そこでマックスは夢世界に旅立ち、世界を救うことを決意する。
だけど、マックスはまだ救世主である自分の能力に気づいてはいなかった...。

酷評注意
 CGで遊びまくってるわけでもなく、好きな世界観をぶち込んだオレオレ映画ってわけでもない。キッズ・ムービーにしても、対象年齢が低すぎで、これじゃあ逆に子供はみないよなぁって印象で、ロバート・ロドリゲスの狙いはイマイチよく分からなかったんです。
 IMDbをみてみると、このストーリーはロドリゲスの7歳の息子から着想を得ているとの記述があったので、これは結局、幼い息子のための映画じゃないのかと勝手に合点してしまいました。
 『エル・マリアッチ』『デスペラード』『フロム・ダスク・ティル・ドーン』に『パラサイト』と基本的にロドリゲスは力任せに撮りたいものを撮ってる感じがして、とっても好きな映画が多いんですが、『スパイキッズ』といい、本作といい、CG詰めキッズ・ムービー路線は意識的に子供視点に立ち戻ってる感じがして、そんなに好きじゃないんですよ。

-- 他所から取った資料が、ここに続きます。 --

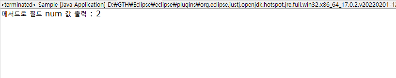 System.out.println("메서드로 필드 num 값 출력 : " + num);

ストーリーも観客も完全に無視で妄想世界をガンガンに描きたいのか、子供をあやしたいのかよく分からない。『スパイキッズ』がちょい前者よりなら、本作はかなり後者よりで楽しめる観客はかなりしぼられてくると思います。僕は正直パワー不足で楽しめませんでした。
 わざわざロドリゲスのミドルネームをつけられた主人公マックスですが、ロドリゲスの分身にしては妄想家の夢や苦悩が素直に表現されたとはちょっと思えないんですよね。シャークボーイとマグマガールに慰められ、励まされてばかりのマックスは見ていて歯がゆい。『バロン』のホラ吹き男爵や『フィッシャー・キング』のヘンリー教授のような覚悟や開き直りのようなものは求めないにしても、どうも感情移入しづらいのは確かなんです。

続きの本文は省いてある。